NEW YORK – Orna Therapeutics on Tuesday said it has inked a deal with Vertex Pharmaceuticals valued at more than $1.07 billion, in which Vertex will use its drug delivery technology to develop new gene-editing treatments for patients with sickle cell disease (SCD) and transfusion-dependent beta thalassemia (TDT).
Vertex already sells a CRISPR-based treatment developed with CRISPR Therapeutics for SCD and TDT, called Casgevy (exagamglogene autotemcel). Vertex is aiming to further bolster its gene-editing therapy pipeline by using Orna's lipid nanoparticle delivery technologies during their three-year research collaboration. Boston-based Vertex is funding the research collaboration and holds an option to extend its length.
Under the terms of the deal, Vertex will pay Watertown, Massachusetts-based Orna $65 million upfront, which includes making an investment in Orna in the form of a convertible note. Orna is also eligible to receive up to $635 million in preclinical, R&D, regulatory, and potential commercial milestones related to products that arise from this collaboration, as well as $365 million in option fees and milestones for up to 10 additional products if Vertex exercises its options to advance additional indications. Orna will also be eligible to receive tiered royalties on future net sales.

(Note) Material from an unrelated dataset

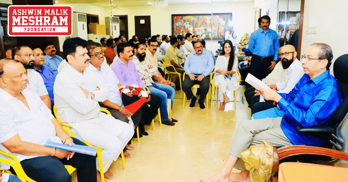 Our chairman, Mr. Ashwin Malik Meshram was invited by Shivsena (UBT) Party Chief - Shri Uddhav Balasaheb Thackeray Ji at Matoshree in presence of Shivsena (UBT) senior leader Mr. Vinayak Raut to discuss the social activities to be organised in Mumbai Metropolitan Region (MMR) in preparation for the upcoming BMC elections. The planned activities would kickstart with Chembur, Anushakti Nagar and Sion Vidhansabha and then pan out across MMR region. The Vibhag Pramukh of all the 3 Vidhansabha Mr. Pramod Shinde was also present.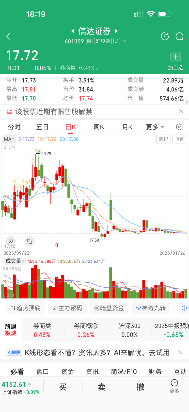 $信达证券(SH601059)$ 谁能跟我解释一下他为什么最近是这种走势呢?

Orna entered into the research collaboration through its wholly owned subsidiary, Renagade Therapeutics, an RNA therapeutics company it acquired last year.
"Vertex is a leader in delivering next-generation approaches to treating hemoglobinopathies, and we are excited to collaborate with them to develop in vivo therapies that leverage our proprietary technologies to achieve unprecedented delivery to [hematopoietic stem cells]," Orna CEO Amit Munshi said in a statement.